Added House Minority Leader Nancy Pelosi in a Tweet: “GOP rejected a balanced plan & chose to keep their pledge to Norquist to protect wealthiest 1% at all costs.”

House Speaker John Boehner said he too was disappointed at the outcome, but praised Democrat and Republican committee members and said “I am confident the work done by this committee will play a role in the solution we must eventually find as a nation.”

Some Republicans were critical of all lawmakers on Capitol Hill, and Rep. Tim Scott (R.–S.C.) said the committee and its goals were destined to fail.

“While I am disappointed in today’s announcement, the failure of the Super Committee comes as no surprise. I voted against this arrangement from the beginning, as it was unrealistic to believe a group a 12 members could solve our problems when 535 could not,” Scott said.

Sen. Bob Corker (R.-Tenn.) called the end result “nothing short of an embarrassment” and “an absolute national disgrace and failure of leadership” that the committee could not “agree on a paltry $1.2 trillion in deficit reduction.”

Rep. Allen West (R.-Fla.) called the abrupt conclusion a “sad indictment” on all members of Congress” and citing the failure in the House last week to pass a balanced budget amendment, said “we as a collective body are pathetic.”

Rep. Chip Cravaack (R.–Minn.) summed it up as “yet another outrageous failure by Washington to set aside partisan bickering for the well being of our great nation.”

However, Sen. Rob Portman (R.–Ohio), one of the committee members, said Republicans worked in good faith to find common ground and offered up new revenues through tax code reforms but Democrats wanted more than a trillion dollars in tax increases and more stimulus spending.

“We failed to reach agreement because, despite good intentions on both sides, we simply couldn’t bridge fundamental policy differences that reflect a broader disagreement in the Congress and country as a whole over the size and scope of government,” Portman said.

Sen.
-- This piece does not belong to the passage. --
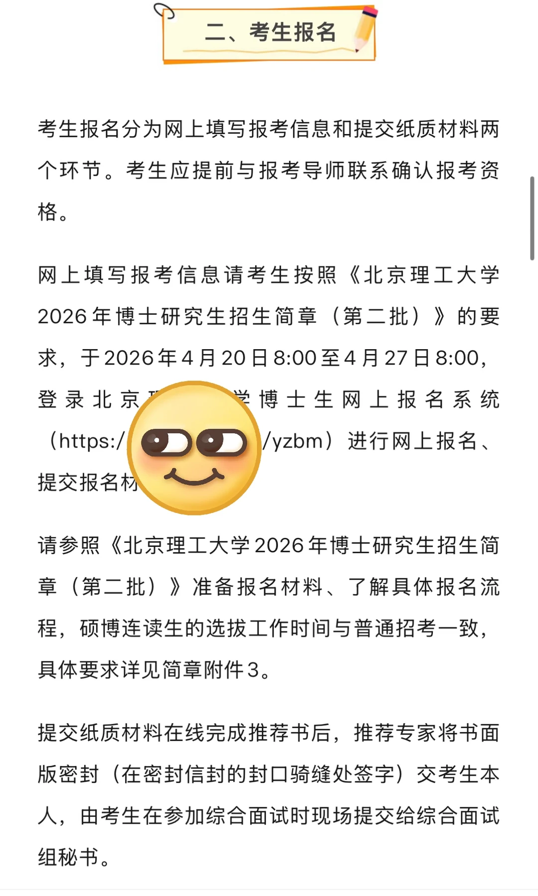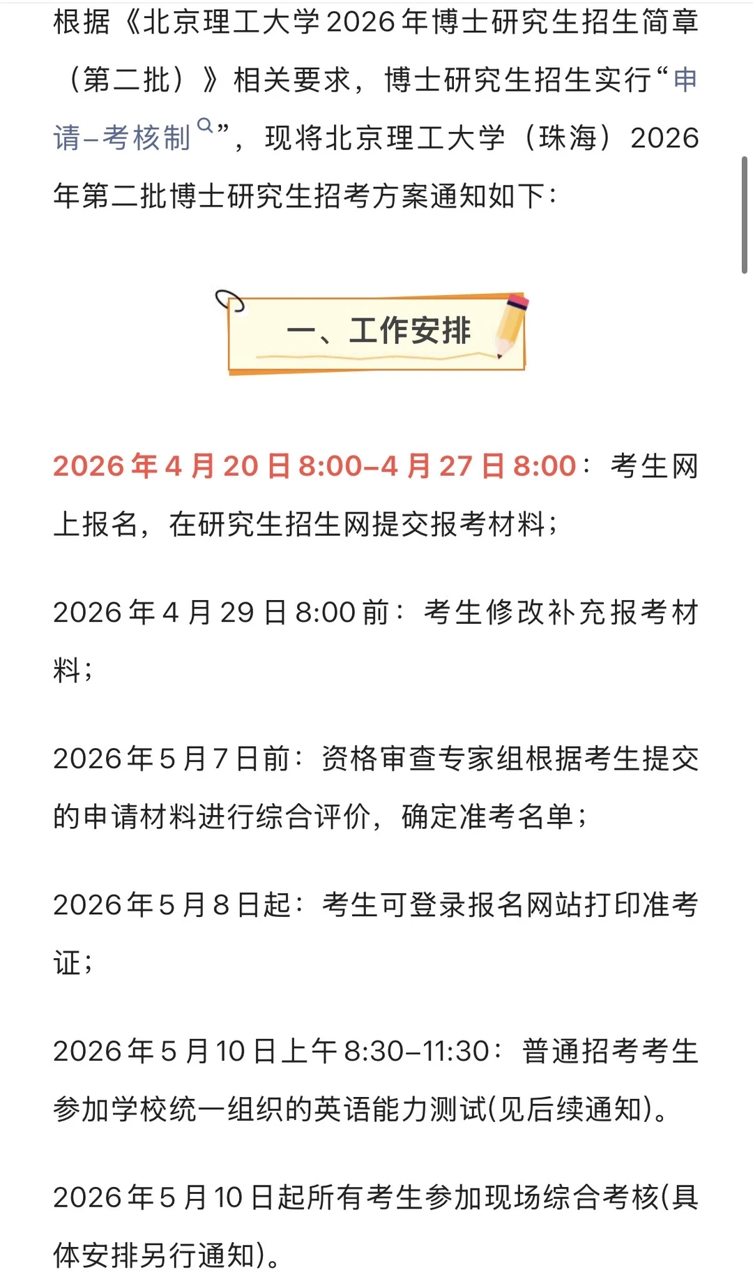 根据《北京理工大学2026年博士研究生招生简章(第二批)》相关要求,博士研究生招生实行“申请-考核制~”,现将北京理工大学(珠海)2026年第二批博士研究生招考方案通知如下:

Pat Toomey (R.–Pa.) said the committee wasted an “extraordinary opportunity” to pay down on the deficit by reforming the tax system, specifically, his proposal.

“I am saddened and disappointed that we were unable to meet our goal when so many Americans were counting on us,” Toomey said. “Like the proposals offered by other bipartisan commissions, our proposal offered a mix of spending cuts, revenue, and job-creating tax reform that would have lowered tax rates for all Americans and reduced our deficit by $1.2 trillion. Unfortunately, our Democratic colleagues refused to agree to any meaningful deficit reduction without $1 trillion in job-crushing tax increases.”

Rep. Fred Upton (R.–Mich.), who also served on the committee, said the panel “faced steep odds” and that he was “bitterly disappointed” they could not reach an agreement, but that “America’s fiscal challenges did not appear overnight, and finding solutions will take time and require tough choices.”